Your answer must match, word for word, the lines from the one holding "Det er fem forskjellige" through the final line below, with pictures excluded.
[[ Dataset section, beginning ]]
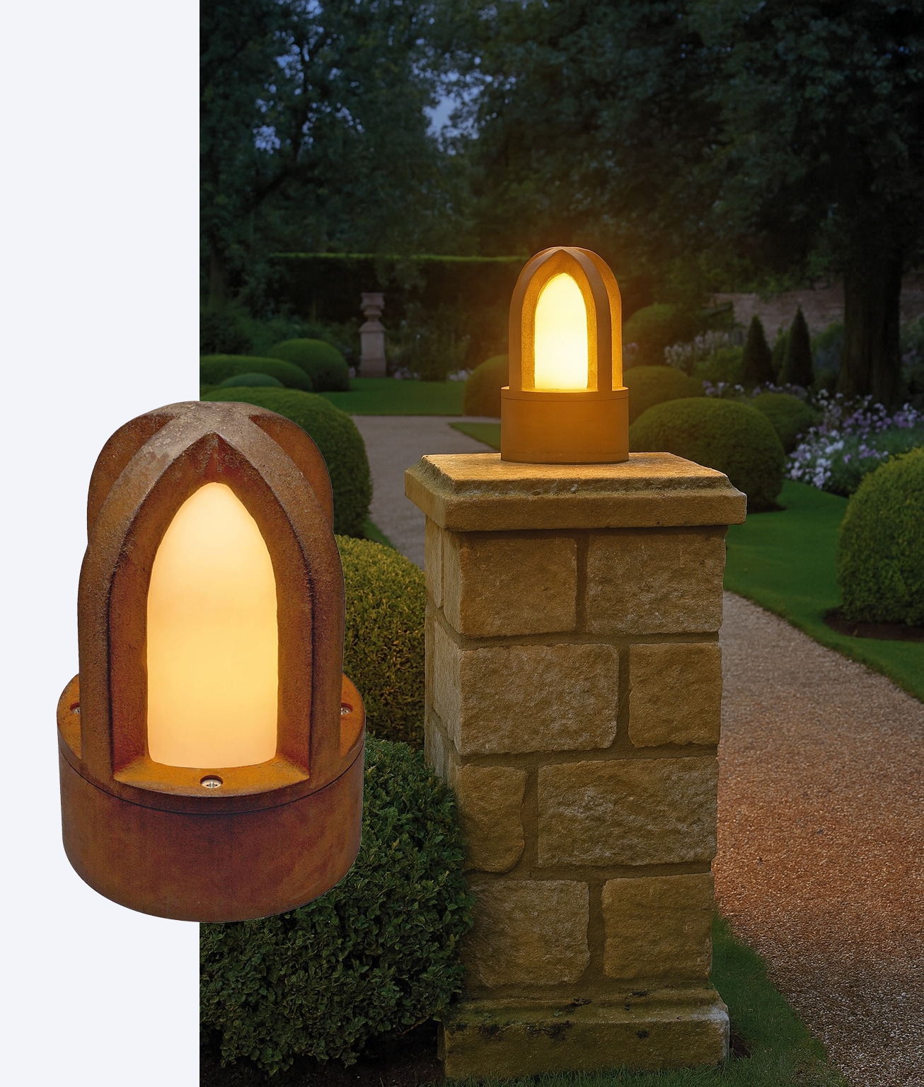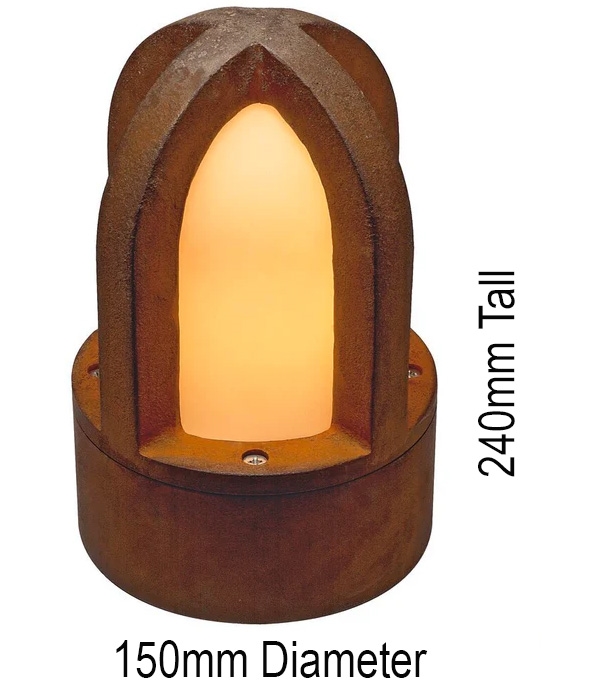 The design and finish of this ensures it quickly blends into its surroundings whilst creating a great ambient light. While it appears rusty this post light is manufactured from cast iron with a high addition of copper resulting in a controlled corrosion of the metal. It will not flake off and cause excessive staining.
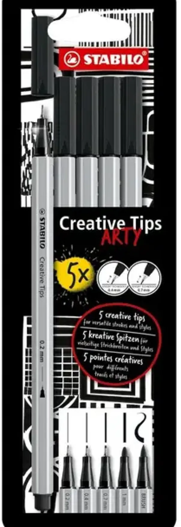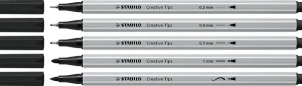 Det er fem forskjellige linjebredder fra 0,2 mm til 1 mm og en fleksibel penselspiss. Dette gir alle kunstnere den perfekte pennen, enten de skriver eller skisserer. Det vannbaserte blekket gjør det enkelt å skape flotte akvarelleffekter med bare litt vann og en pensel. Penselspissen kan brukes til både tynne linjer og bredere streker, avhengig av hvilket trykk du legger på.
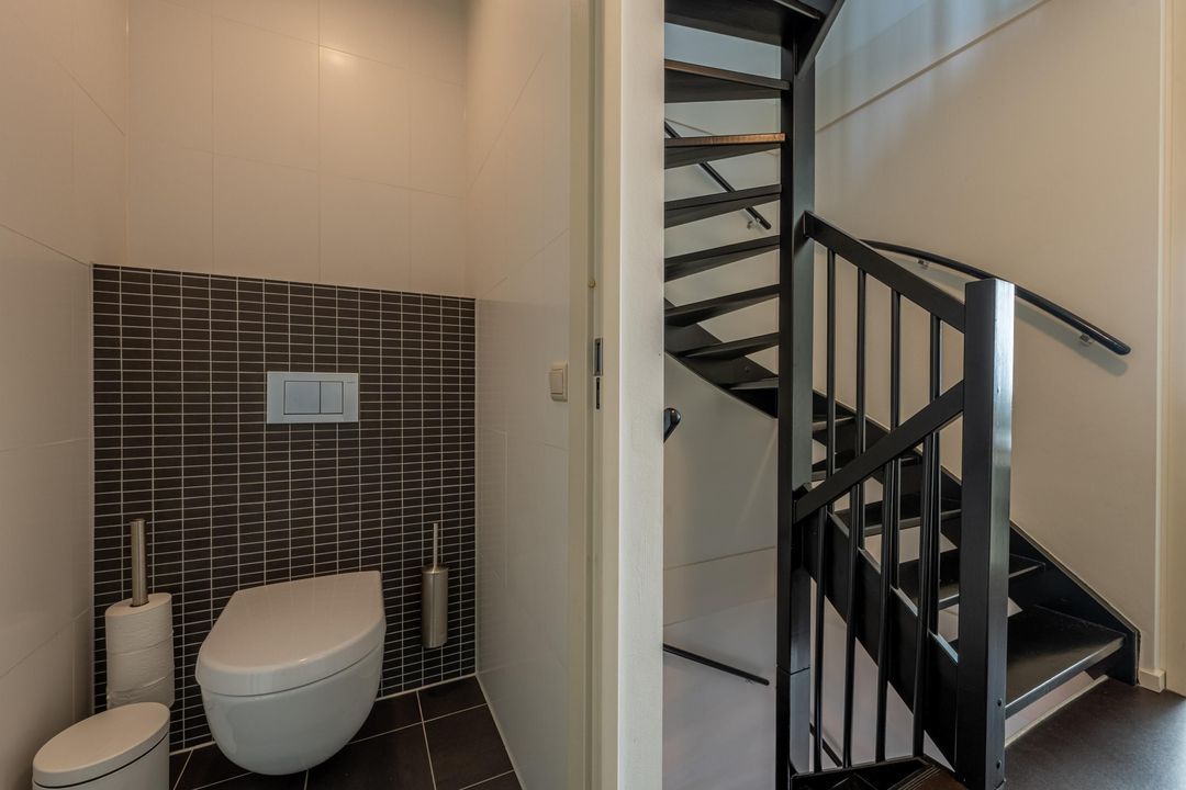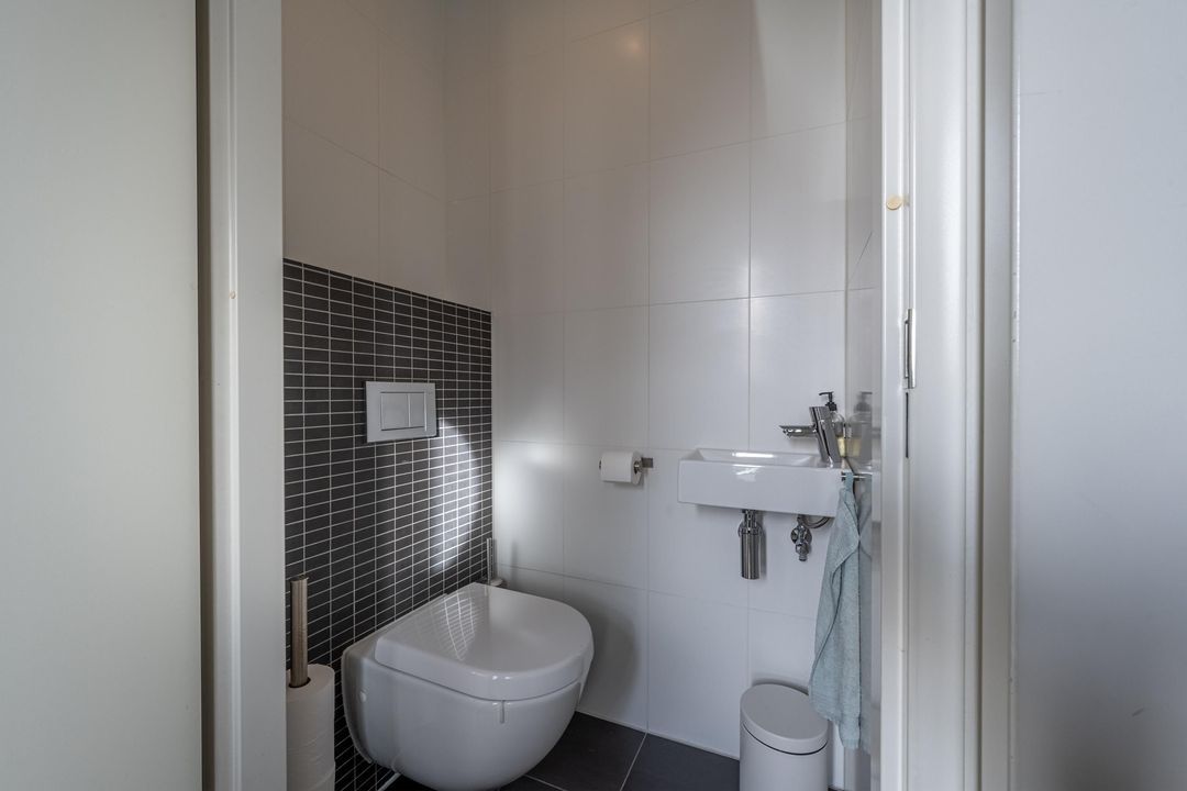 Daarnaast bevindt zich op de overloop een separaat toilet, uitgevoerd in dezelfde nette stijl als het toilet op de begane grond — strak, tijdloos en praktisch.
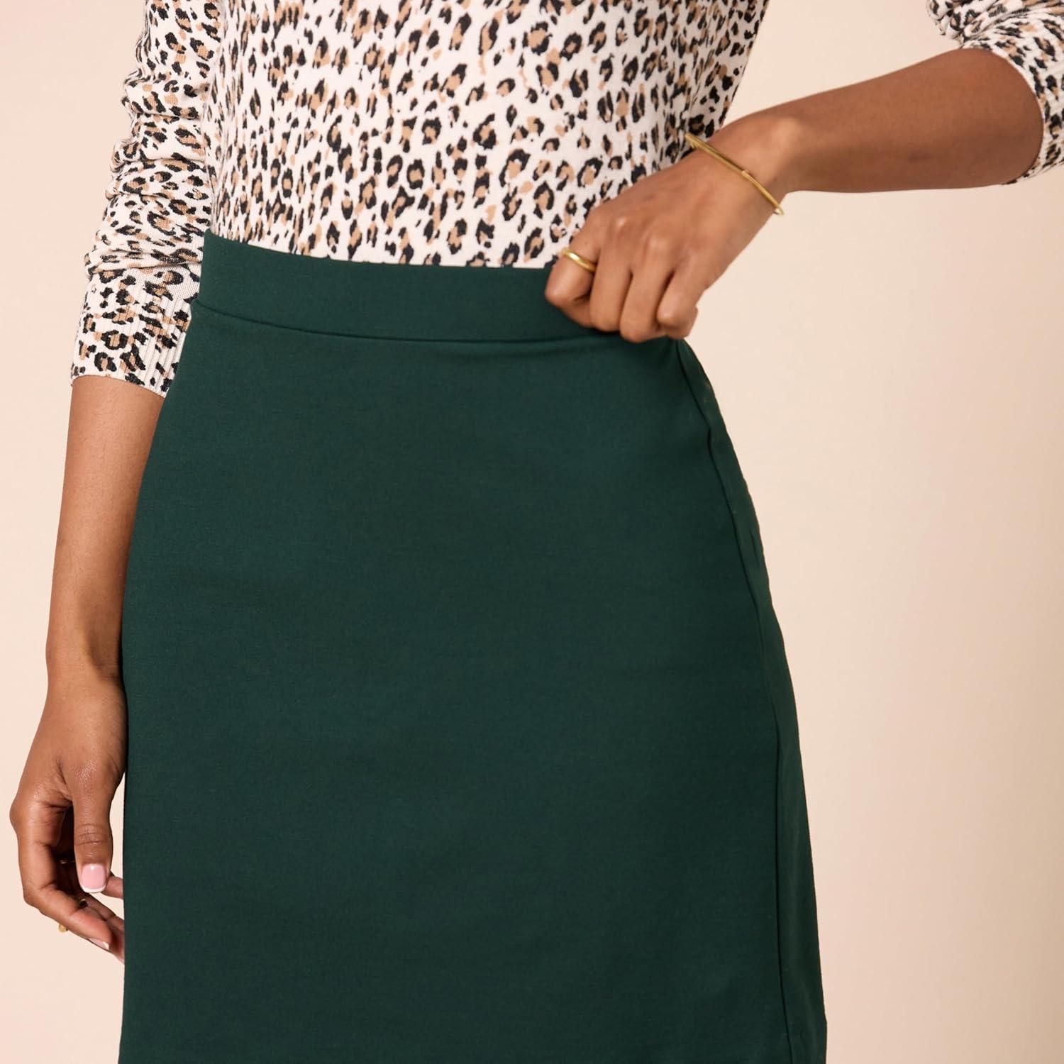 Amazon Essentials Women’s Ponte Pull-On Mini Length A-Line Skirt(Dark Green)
[[ Dataset section, end ]]
Task response:
 Det er fem forskjellige linjebredder fra 0,2 mm til 1 mm og en fleksibel penselspiss. Dette gir alle kunstnere den perfekte pennen, enten de skriver eller skisserer. Det vannbaserte blekket gjør det enkelt å skape flotte akvarelleffekter med bare litt vann og en pensel. Penselspissen kan brukes til både tynne linjer og bredere streker, avhengig av hvilket trykk du legger på.
 Daarnaast bevindt zich op de overloop een separaat toilet, uitgevoerd in dezelfde nette stijl als het toilet op de begane grond — strak, tijdloos en praktisch.
 Amazon Essentials Women’s Ponte Pull-On Mini Length A-Line Skirt(Dark Green)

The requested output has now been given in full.